The LEC SFR will encourage teams to maintain the total sum of its five highest-paid player salaries below a certain threshold, with teams exceeding the threshold having to pay an excess fee (SFR Fee).

In doing so, the LEC seeks to create a financially sustainable environment for its pro players, partnered teams, and the league itself, allowing all parties to grow at a healthy and scalable pace, and protect the ecosystem from unsustainable spending practices. In addition, the framework will support the league by creating a better competitive balance and more engaging competition, further enhancing the experience for players and fans.

“In the current economic climate, we are dedicated more than ever to creating a sustainable future for our players, teams, and the LoL Esports ecosystem in EMEA as a whole. The LEC SFR, which will come into effect from the beginning of the 2024 Season, is one way in which we’re continuing to work towards our goal of long-term financial sustainability. By doing this, we aim to encourage teams to operate more sustainable businesses to provide job security for players and ensure we serve our fans for decades to come,” said Maximilian Peter Schmidt, Director of League of Legends Esports EMEA.

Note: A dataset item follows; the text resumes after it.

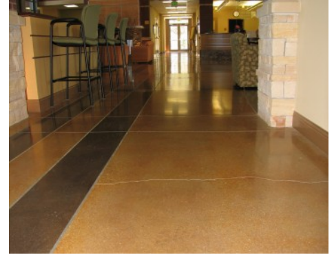
Colorado Mountain College - Bomanite Custom Polishing Concrete Floors - Patene Teres

SFR will encourage each team to maintain the total sum of salaries (known as SFR Spend) paid to the top five highest-paid players in a team within a certain range. The range includes both an upper spending threshold (SFR Threshold) and a lower spending threshold (SFR Floor), with the lower spending threshold amounting to 50% of the SFR Threshold. Meanwhile, the SFR Threshold is calculated based on a number of considerations, including LEC player salaries, League Revenue Pool of the current and forecasted years, team financial data – such as revenue and expenses – and other market indicators. Teams that exceed the SFR Threshold will be imposed with an SFR Fee.

An exception will be made to teams if a player enters into a contract with the team either during or before the end of the 2023 LEC Season Finals. In this instance, the SFR Spend will be reduced by one-fifth of the SFR Threshold or the actual salary amount; whichever is lower.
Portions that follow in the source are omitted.